- •Using Data Filters
- •Filter by Selection
- •To Do: Perform a Filter by Form
- •Using Queries
- •Creating a Query with the Query Wizard
- •To Do: Build a Query with the Simple Query Wizard
- •Using the Query Design View
- •To Do: Create a Query from Scratch
- •To Do: Work with Complex Queries
- •Table 19.1. Access's Relational Operators
- •Summary
- •If I save a filter as a named query, what does the query's Query Design view look like?
Work with package MS Office: MS Access
Retrieving Your Data
Although your database contains a lot of data, you rarely want to see all that data simultaneously. Generally, you want to see only data subsets. Access filters and queries produce small, meaningful subsets of data from your tables.
When you view data subsets, you prevent unwanted data from getting in the way of the information with which you need to work. The power of queries is that you can select records and fields from multiple tables and view that selected data subset from within a single Datasheet or Form view.
The highlights of this hour include the following:
What a filter is
Why you sometimes use Filter by Selection and sometimes use Filter by Form
When a filter limits you
Why queries are more robust than filters
How to use the query wizards
How to use the Query Design view to create and edit queries
Where to specify advanced selection criteria
Using Data Filters
A filter is a subset of data from a table. Suppose that you want to see only certain records from a table, such as all customers who are past due. Instead of hiding the records that you don't want to see, create a filter. The filter removes unwanted records from view. The records don't go away, and you don't have to unhide the records later (as you do when you actually hide records by right-clicking over a column or row in the Datasheet view and selecting Hide Columns or Hide Row). A filter works similar to a short-term record hider, putting certain records out of the way while you work with the filtered data.
Access supports three filtering approaches:
Filter by Selection— Filters data based on selected table data
Filter by Form— Enables you to choose the data fields that you want Access to use for filtering
Advanced Filter/Sort— Controls advanced filtering options from the Access menu bar
The easiest and most common filter options are Filter by Selection and Filter by Form, which the following two sections describe.
Note
Access includes an Advanced Filter/Sort option on the Records, Filter menu, but you will almost always prefer creating a query to using the advanced filter. In addition, Access supports a Filter Excluding Selection that filters the opposite of Filter by Selection. A query is easier to save and work with in the future than a filter.
Filter by Selection
Filter by Selection works by example. Suppose that you want to display only those table records that contain a specific field value; for example, you need to work only with customer records from Brazil. If your customer table contains a Country field with scattered Brazil entries, you can filter out all those records that do not contain Brazil in their Country fields.

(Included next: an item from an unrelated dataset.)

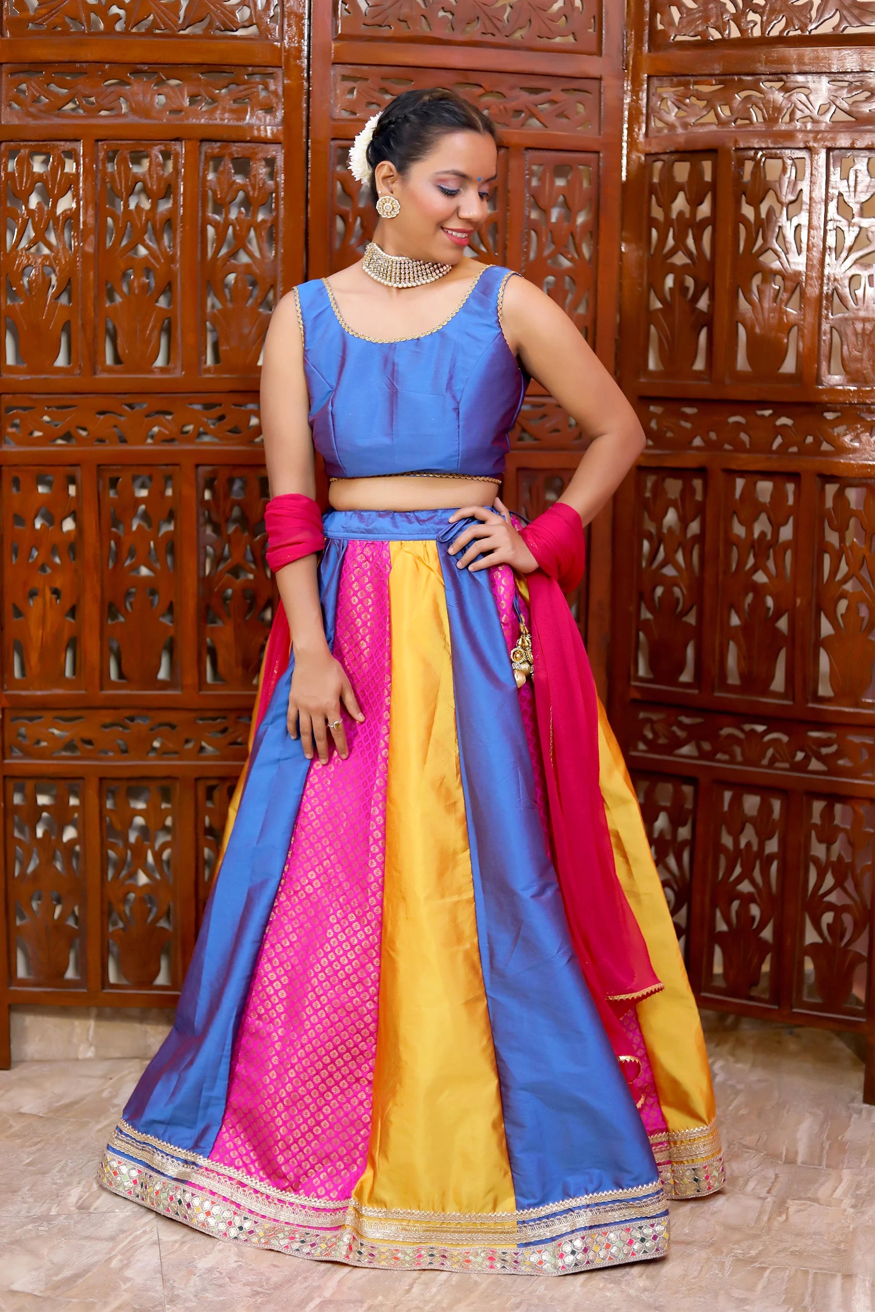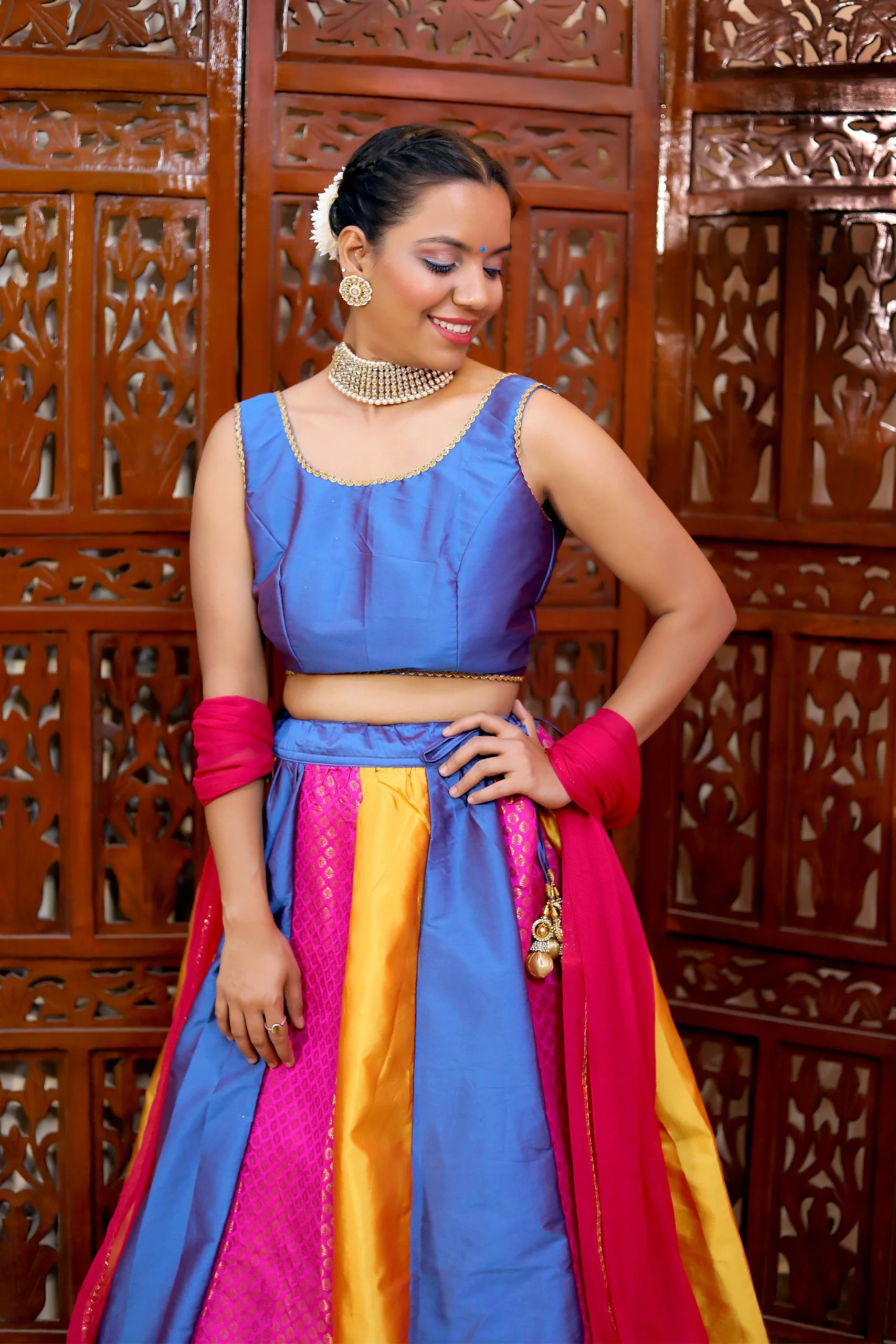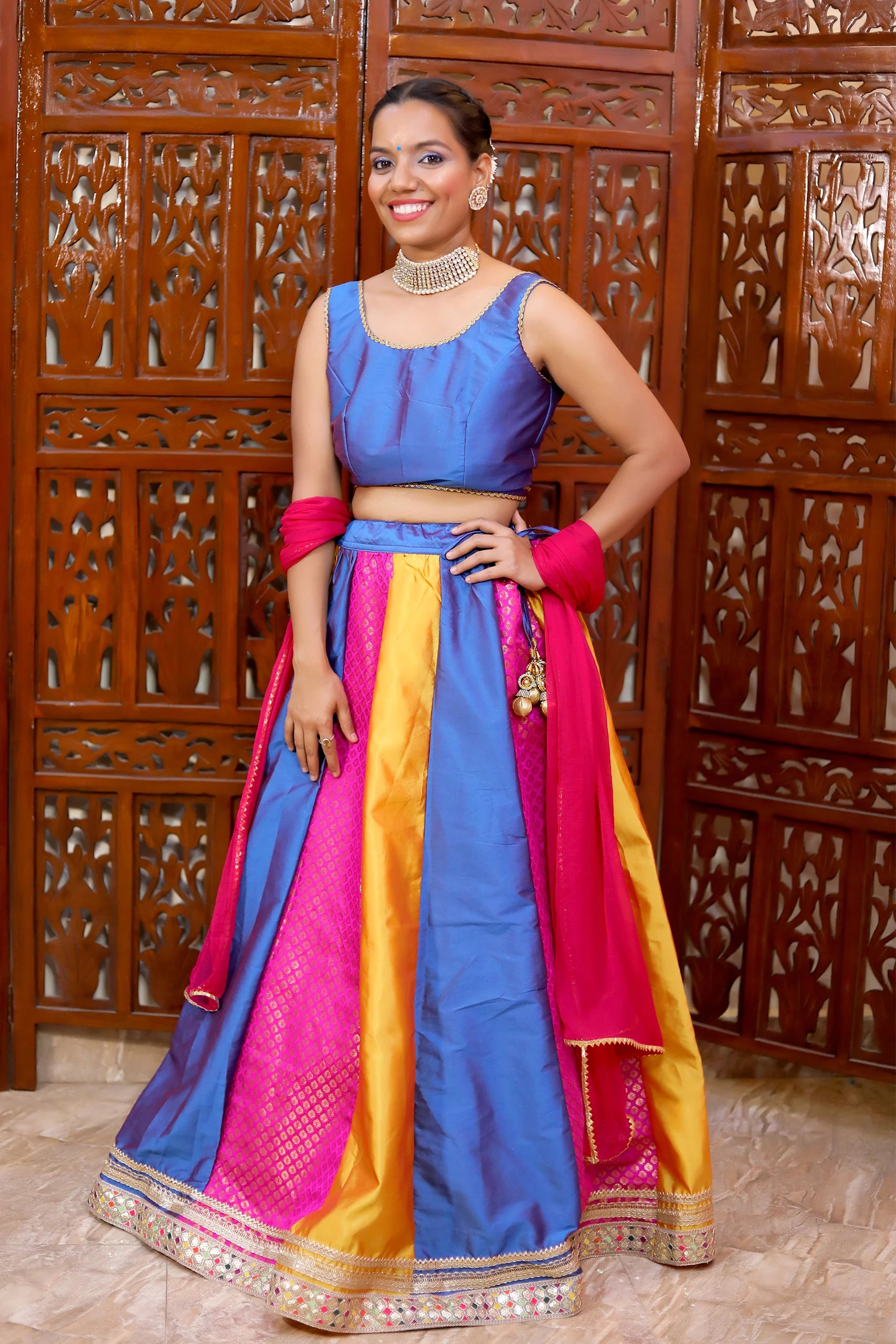 - Closure : Button (Choli), Elasticated waistband (Lehenga)

You can practice working with filters by opening the sample Northwind Traders database that comes with Access. (You'll locate this northwind.mdb file in your Office Samples folder.) When you first open the Northwind Traders database, a splash screen will appear; a splash screen acts as a title window that appears when you first start an application, and you can designate splash screens for databases that appear when you open them. Close the splash screen by clicking the window's OK button, and perform the following steps to design a filter that filters out records that don't contain Brazil:
Display the Datasheet view for the Customers table. To do so, click the Tables entry inside the Database window and double-click the Customers table.
Locate one record with Brazil in the Country field. You might have to click the horizontal scrollbar to see the Country field from the Datasheet view.
Double-click the single field value that contains Brazil to select that value. If you select only the first part of the field instead of selecting the entire field, such as the letter B, you filter all records that do not start with B.
Click the toolbar's Filter by Selection button. Access filters out all records that don't match your selected criteria. Figure 19.1shows a filtered Datasheet view that displays only records containing a Brazil entry in their Country fields. Before the filter, this Datasheet view held more than 90 records. By locating the sample field and clicking once, you just changed the display to those records that only contain Brazil for the Country field value.
Figure 19.1 Filter by Selection filters out all unwanted records.
To return to the full Datasheet view, click the toolbar's Remove Filter button.
As you can see, a filter removes unwanted records; Access filters those unwanted records from view.
Note
To filter out records that contain your selected value (instead of all records that do not contain a value), select Records, Filter, Filter Excluding Selection. The Filter Excluding Selection option works similarly to a reverse filter. Click the Remove Filter to revert the Datasheet view to its full table once again.
You do not first have to locate a customer record from Brazil to create the previous list's filter. If you right-click any field value in the table and then type a value in the shortcut menu's Filter for text box, Access applies the Filter by Selection command to your entered filter value. Therefore, you can right-click on the Country column, select Filter By, and then enter Brazil to more quickly create the same filter that the previous steps created.
For now, remove the filtering by clicking the Remove Filter button on the toolbar.